EXERCISE AIM => The lines below that include "features" are to be found and copied.
━━━ RECORDS ━━━
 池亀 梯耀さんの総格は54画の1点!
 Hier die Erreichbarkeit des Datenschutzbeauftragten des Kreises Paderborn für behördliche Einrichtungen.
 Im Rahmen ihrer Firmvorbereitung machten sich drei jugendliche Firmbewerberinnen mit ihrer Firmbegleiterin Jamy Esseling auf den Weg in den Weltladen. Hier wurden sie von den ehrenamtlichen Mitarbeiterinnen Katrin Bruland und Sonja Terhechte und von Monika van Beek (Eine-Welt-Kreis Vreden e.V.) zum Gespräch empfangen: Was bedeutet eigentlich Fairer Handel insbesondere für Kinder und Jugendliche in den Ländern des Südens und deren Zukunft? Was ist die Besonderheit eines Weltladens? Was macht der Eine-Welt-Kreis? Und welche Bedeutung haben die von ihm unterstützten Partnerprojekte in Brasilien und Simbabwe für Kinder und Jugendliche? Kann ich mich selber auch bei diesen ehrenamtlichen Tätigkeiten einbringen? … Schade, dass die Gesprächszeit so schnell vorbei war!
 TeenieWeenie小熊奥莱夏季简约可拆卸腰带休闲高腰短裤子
━━━
━━━ RECORDS ━━━
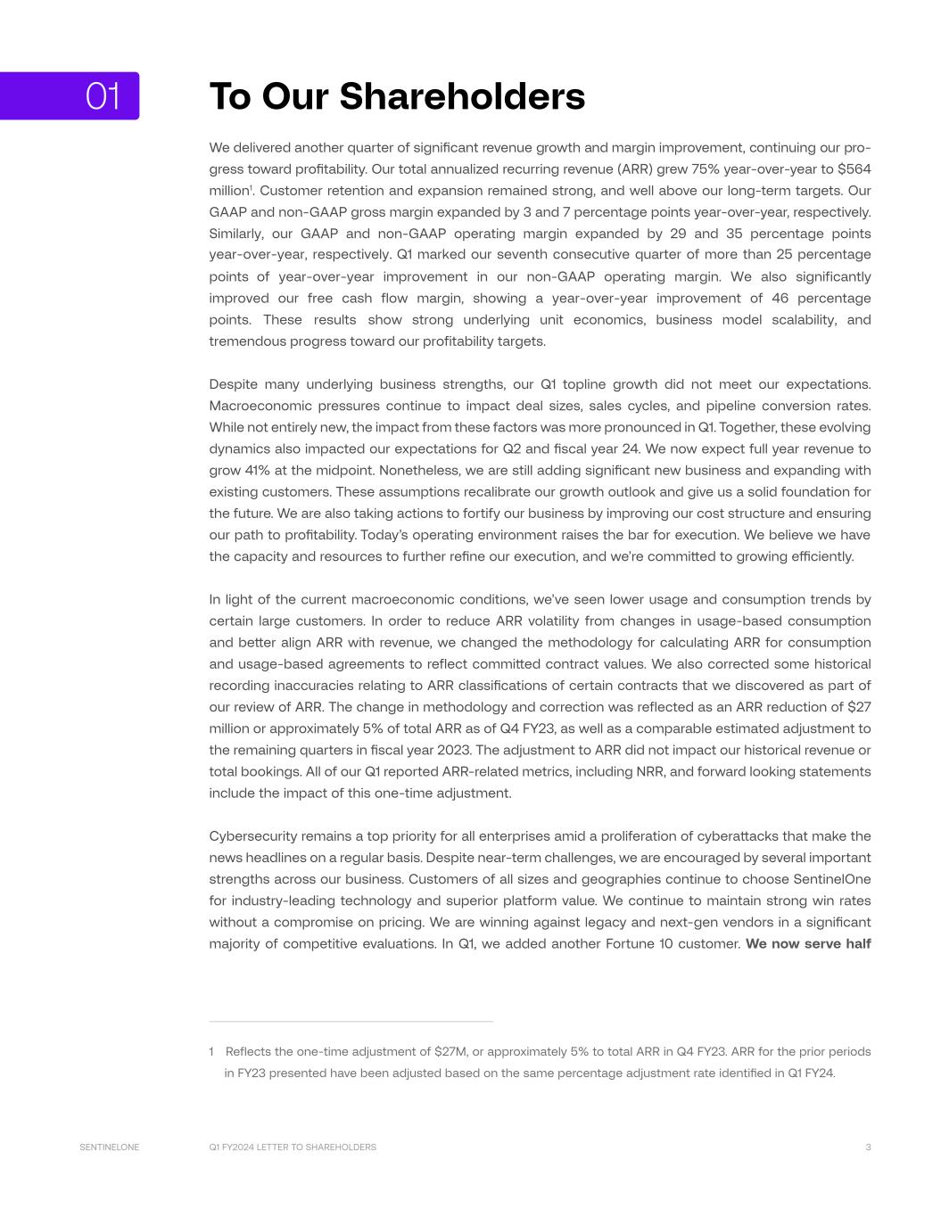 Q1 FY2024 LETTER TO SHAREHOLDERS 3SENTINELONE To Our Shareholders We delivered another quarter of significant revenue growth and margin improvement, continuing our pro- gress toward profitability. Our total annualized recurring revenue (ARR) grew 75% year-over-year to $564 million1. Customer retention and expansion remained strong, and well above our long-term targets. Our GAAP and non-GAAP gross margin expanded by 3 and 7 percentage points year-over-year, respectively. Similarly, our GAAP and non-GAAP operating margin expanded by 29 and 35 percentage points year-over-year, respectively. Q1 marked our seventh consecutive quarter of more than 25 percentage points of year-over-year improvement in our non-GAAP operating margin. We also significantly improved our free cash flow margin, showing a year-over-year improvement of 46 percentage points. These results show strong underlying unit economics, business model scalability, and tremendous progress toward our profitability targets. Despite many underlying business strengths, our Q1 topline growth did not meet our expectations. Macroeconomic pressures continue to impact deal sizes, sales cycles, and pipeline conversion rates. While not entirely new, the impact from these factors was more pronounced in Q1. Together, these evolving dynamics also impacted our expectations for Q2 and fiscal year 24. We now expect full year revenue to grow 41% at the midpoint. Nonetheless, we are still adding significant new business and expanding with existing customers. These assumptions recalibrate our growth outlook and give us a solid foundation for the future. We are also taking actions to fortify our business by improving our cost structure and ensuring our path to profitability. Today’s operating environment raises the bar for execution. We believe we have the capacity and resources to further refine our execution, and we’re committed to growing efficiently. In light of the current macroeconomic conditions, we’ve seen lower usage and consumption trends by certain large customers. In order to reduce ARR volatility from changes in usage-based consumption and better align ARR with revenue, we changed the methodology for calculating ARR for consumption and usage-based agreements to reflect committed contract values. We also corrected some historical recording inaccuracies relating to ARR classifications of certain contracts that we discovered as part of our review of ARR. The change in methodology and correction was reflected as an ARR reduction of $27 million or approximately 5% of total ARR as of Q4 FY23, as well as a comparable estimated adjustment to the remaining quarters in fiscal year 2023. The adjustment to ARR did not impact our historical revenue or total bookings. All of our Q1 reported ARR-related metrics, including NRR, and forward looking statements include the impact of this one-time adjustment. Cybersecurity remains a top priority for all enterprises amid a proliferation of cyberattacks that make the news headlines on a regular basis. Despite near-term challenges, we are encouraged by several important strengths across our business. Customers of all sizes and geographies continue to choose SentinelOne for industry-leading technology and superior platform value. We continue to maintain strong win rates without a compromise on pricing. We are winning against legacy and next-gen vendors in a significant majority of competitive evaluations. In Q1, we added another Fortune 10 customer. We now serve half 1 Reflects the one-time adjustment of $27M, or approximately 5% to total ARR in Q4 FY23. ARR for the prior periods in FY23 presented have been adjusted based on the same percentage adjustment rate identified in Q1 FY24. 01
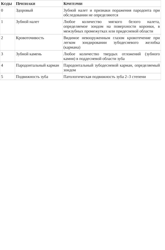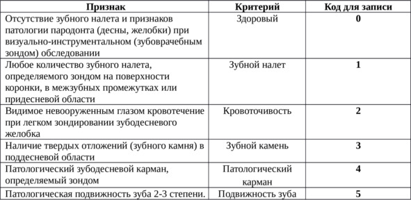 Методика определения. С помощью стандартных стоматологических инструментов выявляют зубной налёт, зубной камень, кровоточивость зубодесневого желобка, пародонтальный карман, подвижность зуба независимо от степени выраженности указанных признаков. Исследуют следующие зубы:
━━━
━━━ RECORDS ━━━
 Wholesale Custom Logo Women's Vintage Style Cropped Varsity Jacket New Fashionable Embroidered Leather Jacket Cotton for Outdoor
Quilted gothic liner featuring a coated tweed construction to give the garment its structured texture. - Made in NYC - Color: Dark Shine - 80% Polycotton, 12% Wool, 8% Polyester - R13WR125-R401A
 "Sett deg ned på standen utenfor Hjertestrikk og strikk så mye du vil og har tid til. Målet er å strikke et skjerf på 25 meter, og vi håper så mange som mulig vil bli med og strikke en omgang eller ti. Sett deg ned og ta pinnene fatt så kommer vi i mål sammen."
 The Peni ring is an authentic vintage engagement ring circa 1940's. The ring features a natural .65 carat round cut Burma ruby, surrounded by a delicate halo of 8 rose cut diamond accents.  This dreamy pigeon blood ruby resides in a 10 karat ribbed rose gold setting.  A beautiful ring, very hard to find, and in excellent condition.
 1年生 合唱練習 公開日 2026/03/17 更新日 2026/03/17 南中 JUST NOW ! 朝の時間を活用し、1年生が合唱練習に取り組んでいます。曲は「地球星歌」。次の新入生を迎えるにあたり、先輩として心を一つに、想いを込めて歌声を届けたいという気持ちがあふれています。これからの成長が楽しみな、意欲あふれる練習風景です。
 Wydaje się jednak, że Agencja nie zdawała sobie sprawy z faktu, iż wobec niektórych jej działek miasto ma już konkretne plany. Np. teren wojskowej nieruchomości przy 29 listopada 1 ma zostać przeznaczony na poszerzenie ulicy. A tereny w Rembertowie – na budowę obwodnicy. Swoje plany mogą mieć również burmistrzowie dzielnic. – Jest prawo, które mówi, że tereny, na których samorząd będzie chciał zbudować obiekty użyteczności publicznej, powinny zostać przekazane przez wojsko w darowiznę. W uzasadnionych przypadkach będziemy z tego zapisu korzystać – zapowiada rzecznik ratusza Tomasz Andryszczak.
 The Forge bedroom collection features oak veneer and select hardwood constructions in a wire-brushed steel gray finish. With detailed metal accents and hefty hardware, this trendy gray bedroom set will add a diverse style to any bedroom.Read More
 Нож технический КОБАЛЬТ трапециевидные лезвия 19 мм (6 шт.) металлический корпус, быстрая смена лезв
━━━
SOLVED EXERCISE =>
 The Peni ring is an authentic vintage engagement ring circa 1940's. The ring features a natural .65 carat round cut Burma ruby, surrounded by a delicate halo of 8 rose cut diamond accents.  This dreamy pigeon blood ruby resides in a 10 karat ribbed rose gold setting.  A beautiful ring, very hard to find, and in excellent condition.
 The Forge bedroom collection features oak veneer and select hardwood constructions in a wire-brushed steel gray finish. With detailed metal accents and hefty hardware, this trendy gray bedroom set will add a diverse style to any bedroom.Read More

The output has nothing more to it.